The laws are same for duck boats as they are for any other type of similarly sized vessel. You have to have a 360 degree anchor light and red and green navigation lights. People have to be able to see you, and ascertain which direction you are heading.

http://boat-ed.com/mi/handbook/night.htm


----------



## Shiawassee_Kid (Nov 28, 2000)

AllFowledUp said:


> What is the law regarding boat lights on duck boats? I have a fourteen foot boat with fog lights at the bow and an impliment light at the rear. I have a 13.5 foot run about that I want to convert to a duck boat this spring/summer and I need to know what the lights should be or if I can get away without the red/green bow lights and 360 degree stern light.
> 
> By the way, duck hunting in Ionia county is terrible this year.


buy a can of green and red spraypaint and paint half one of your foglights green and other half red.....did it to my spotlight on mine and had CO ok it.....works good =)


----------



## ESOX (Nov 20, 2000)

My understanding of the law is that the side lights have to be visible from 0 to 112.5 degrees off the bow.
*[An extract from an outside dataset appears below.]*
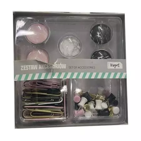 ZESTAW AKCESORIÓW BIUROWYCH SPINACZE PINEZKI MAGNESY - marmurkowy

I don't see how painting foglights could accomplish this. Boehr?


----------



## boehr (Jan 31, 2000)

Esox is correct. Just because one CO didn't do anything doesn't mean you might not get a ticket from another. No different from not getting ticketed by one cop for speeding 10 over and getting a ticket from another cop for doing the same speed at the same location, just a different day. Following what the law requires is the only way to ensure not having a problem.


----------



## Shiawassee_Kid (Nov 28, 2000)

yes i'm familiar with the requirements, but my lense on my lights had a serious bow/arc in the lense which probably came close to the required. And the CO didn't just NOT write a ticket...i asked him specifically to verify its legal and vouch for it if i ran into a problem. bleh.


----------



## Ferg (Dec 17, 2002)

(a) A power-driven vessel underway shall exhibit (picture):

a masthead light forward; 
a second masthead light abaft of and higher than the forward one; except that a vessel of less than 50 meters in length shall not be obliged to exhibit such a light but may do so; 
sidelights: and 
a sternlight. 
(b) An air-cushion vessel when operating in nondisplacement mode shall, in addition to the lights prescribed in paragraph (a) of this Rule, exhibit an all-round flashing yellow light, where it can best be seen. [Inld] 

(c) A WIG craft only when taking off, landing and in flight near the surface shall, in addition to the lights prescribed in paragraph (a) of this Rule, exhibit a high intensity all-round flashing red light. [Intl]

(c/d) 

A power-driven vessel of less than 12 meters in length may in lieu of the lights prescribed in paragraph (a) of this Rule exhibit an all-round white light and sidelights. 
a power-driven vessel of less than 7 meters in length whose maximum speed does not exceed 7 knots may in lieu of the lights prescribed in paragraph (a) of this Rule exhibit an all-round white light and shall, if practicable, also exhibit sidelights. [Intl] 
the masthead light or all-round white light on a power-driven vessel of less than 12 meters in length may be displaced from the fore and aft centerline of the vessel if centerline fitting is not practicable, provided the sidelights are combined in one lantern which shall be carried on the fore and aft centerline of the vessel or located as nearly as practicable in the same fore and aft line as the masthead light or the all-round white light. [Intl] 
(d) A power-driven vessel when operating on the Great Lakes may carry an all-round white light in lieu of the second masthead light and sternlight prescribed in paragraph (a) of this Rule. The light shall be carried in the position of the second masthead light and be visible at the same minimum range. [Inld

Rule 25 (in case your paddeling your duck boat 
A sailing vessel of less than 7 meters in length shall, if practicable, exhibit the lights prescribed in paragraph (a) or (b) of this Rule, but if she does not, she shall have ready at hand an electric torch or lighted lantern showing a white light which shall be exhibited in sufficient time to prevent collision. 
*A vessel under oars * may exhibit the lights prescribed in this rule for sailing vessels, but if she does not, she shall have ready at hand an electric torch or lighted lantern showing a white light which shall be exhibited in sufficient time to prevent collision. 


ferg....
USCG(ret)


----------



## boehr (Jan 31, 2000)

Shiawassee_Kid said:


> yes i'm familiar with the requirements, but my lense on my lights had a serious bow/arc in the lense which probably came close to the required. And the CO didn't just NOT write a ticket...i asked him specifically to verify its legal and vouch for it if i ran into a problem. bleh.


In your situation, it might be very well be that yours follows the requirements of the law but that doesn't mean everybody can just spray paint their lights and be in compliance. If the person you advise gets a ticket are you going to pay the ticket for them? Of course not, so it's best to advise people to what the law states, not to just use spray paint. 

Federal Law is only applies on federal waters and even then one MUST also obey state law. So it really doesn't matter since a person must follow state law, in which if they are, they will be in compliance with federal law too.


----------